Sunday, July 12, 2009

Akin

"You cannot have forgotten the advice I give to all my young friends," Jackson wrote an acquiantance in 1826, "that is to say, as they pass through life have apparent confidence in all, real confidence in none until from actual experience it is found that the individual is worthy of it..." - A. Jackson

Trust no one except those who have proved themselves, yet never let those who have failed the test know that when they look at you, they are looking at a mask.

As much as I am an ardent Hamiltonian, I knew there was a reason why I've taken such a liking to Andrew Jackson. I feel like that's how I've been living my life recently.

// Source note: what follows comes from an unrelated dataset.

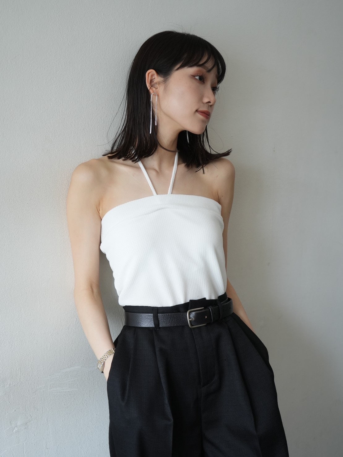 [予約]ホルターネックベアトップキャミソール/オフ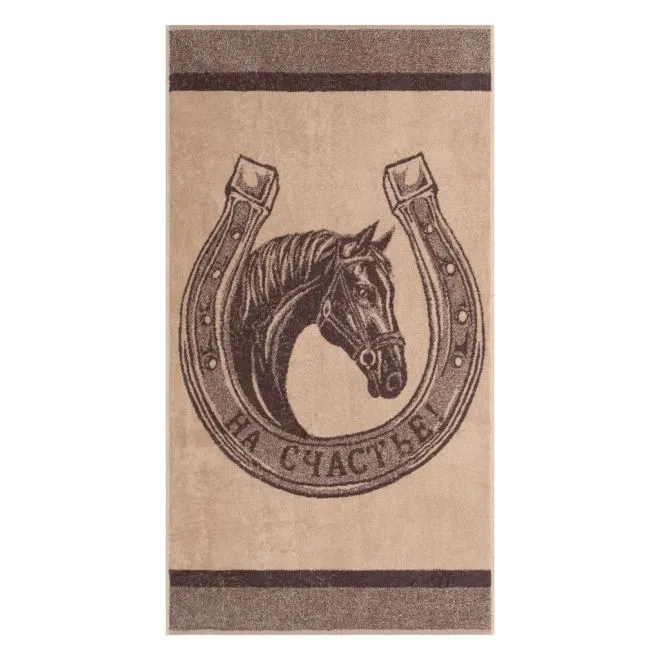 Полотенце украшает идеально четкое изображение лошади и подковы - двух мощных символов. Образ в бежево-коричневой гамме символизирует удачу, свободу и энергию жизни. Такая метафоричность делает этот сувенир по-настоящему значимым.

I think I build up walls because I don't think people have yet to prove themselves worthy. But in building those walls, I don't think I've given very many people the chance. That's quite a circle.

I've never liked the idea of having one single person know every single thing about me. I'd feel like I've lost myself, in a way. I hope that doesn't sound selfish, but maybe I feel like that thoughts and secrets I harbor are one of the few things I actually own. Really own.

I've nearly spilled my heart out to some people over the past few months, and to surprising results. They didn't laugh. They didn't leave me alone. They've become my closest friends, and I haven't had that in a long time. So maybe being vulnerable and miserable in front of people has its benefits, and is worth the "humiliation" of being seen as so weak that you can't support yourself.

I realize that now because I have doing the same thing for them. Constantly reminding friends who think they're being a debbie downer or a sad sap that there are reasons why friends exist. To support each other, hear each other bitch and moan and cry and, hopefully, laugh and have a good time.

I've definitely learned a lesson. Friends are there to hold you up when you feel down, to shoot down your bad ideas, get really drunk with you and make semi-bad decisions, and basically be the crutch that we all need to get through shitty times.

I hope I don't grow as hardened as Mr. Jackson, but I do feel akin to the fierce, unabashed, balls-to-the-wall loyalty that has for the important people in his life.